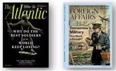 曾经提出“互联网”“物联网”源头思想的美国文科领域著名杂志《The Atlantic》发表过最深刻的科技文章,二年前提出一个封面问题: “为什么世界上最好的战士不断打败仗? ”《FOREIGN AFFAIRS》杂志封面文章也发出提问: “未来的军事是什么? ”(如图3所示)。
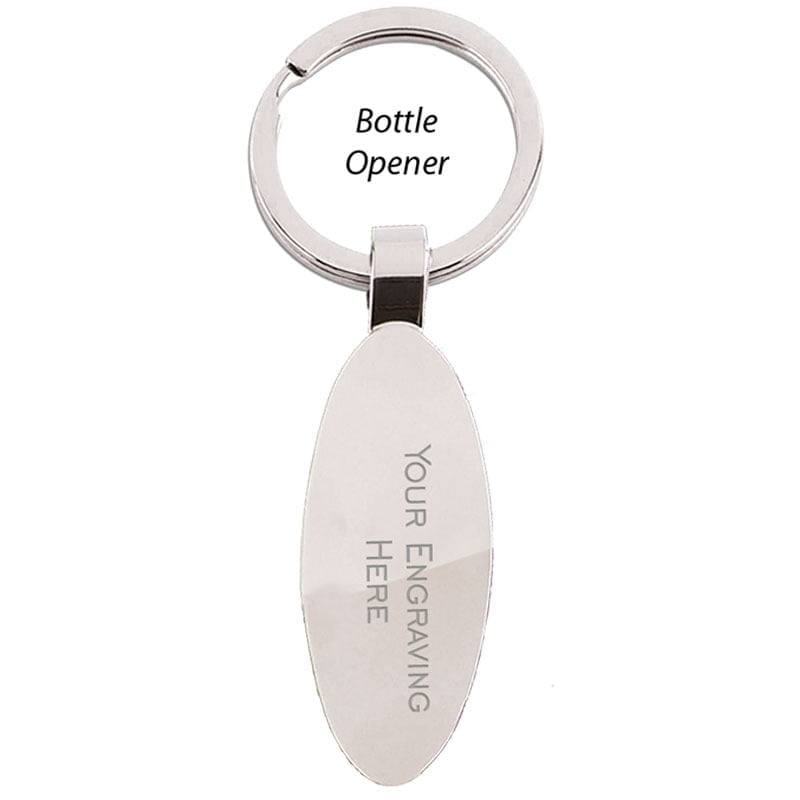 Oval shaped keyring bottle opener.
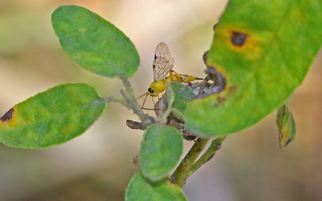 - Yellow-banded Leafroller Parasitoid Wasp (Xanthopimpla rhopaloceros): these small wasps prey on the caterpillars of a number of small ‘leaf roller’ moths, and can therefore be helpful in pest control.
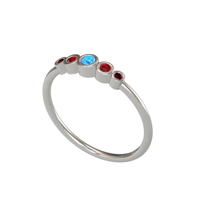 Akuamarin, garnet ve kök yakut 14 ayar beyaz altın yüzük
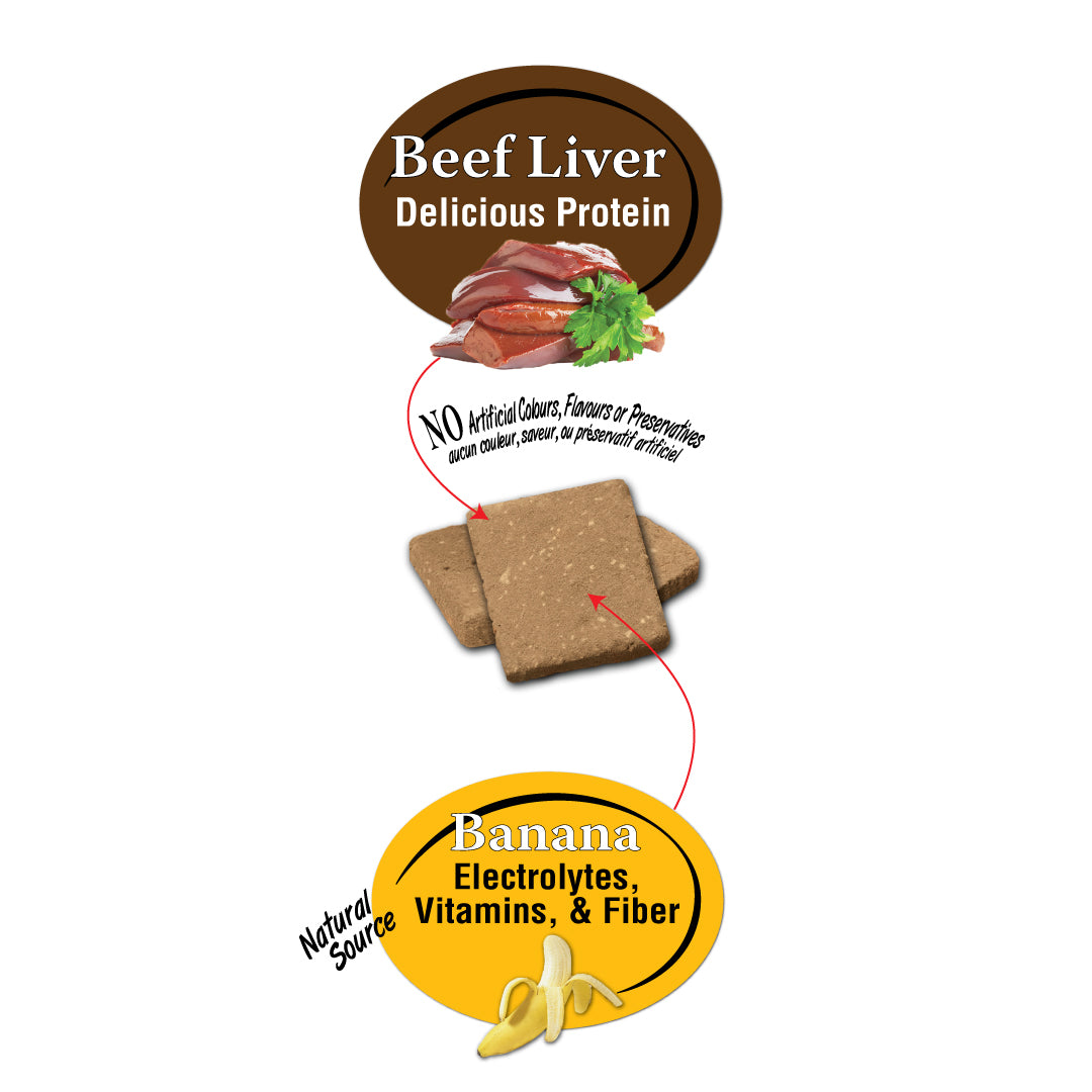 Fuel your dog with the power of bananas with Benny Bullys® Beef Liver Plus Banana Treats! Bananas are a rich source of electrolytes, vitamins and minerals to keep them hydrated and energized during their activities. Not only are they delicious for your furry friend, but bananas also provide important amino acids, vitamins B6 and C, potassium, fiber and manganese. Plus, they contain iron, folic acid, vitamin A, and B12, making them a complete and balanced source of nutrition.

---

→ Task brief: Your reply should be the entries above, repeated exactly and free of pictures.

→ Response:
 曾经提出“互联网”“物联网”源头思想的美国文科领域著名杂志《The Atlantic》发表过最深刻的科技文章,二年前提出一个封面问题: “为什么世界上最好的战士不断打败仗? ”《FOREIGN AFFAIRS》杂志封面文章也发出提问: “未来的军事是什么? ”(如图3所示)。
 Oval shaped keyring bottle opener.
 - Yellow-banded Leafroller Parasitoid Wasp (Xanthopimpla rhopaloceros): these small wasps prey on the caterpillars of a number of small ‘leaf roller’ moths, and can therefore be helpful in pest control.
 Akuamarin, garnet ve kök yakut 14 ayar beyaz altın yüzük
 Fuel your dog with the power of bananas with Benny Bullys® Beef Liver Plus Banana Treats! Bananas are a rich source of electrolytes, vitamins and minerals to keep them hydrated and energized during their activities. Not only are they delicious for your furry friend, but bananas also provide important amino acids, vitamins B6 and C, potassium, fiber and manganese. Plus, they contain iron, folic acid, vitamin A, and B12, making them a complete and balanced source of nutrition.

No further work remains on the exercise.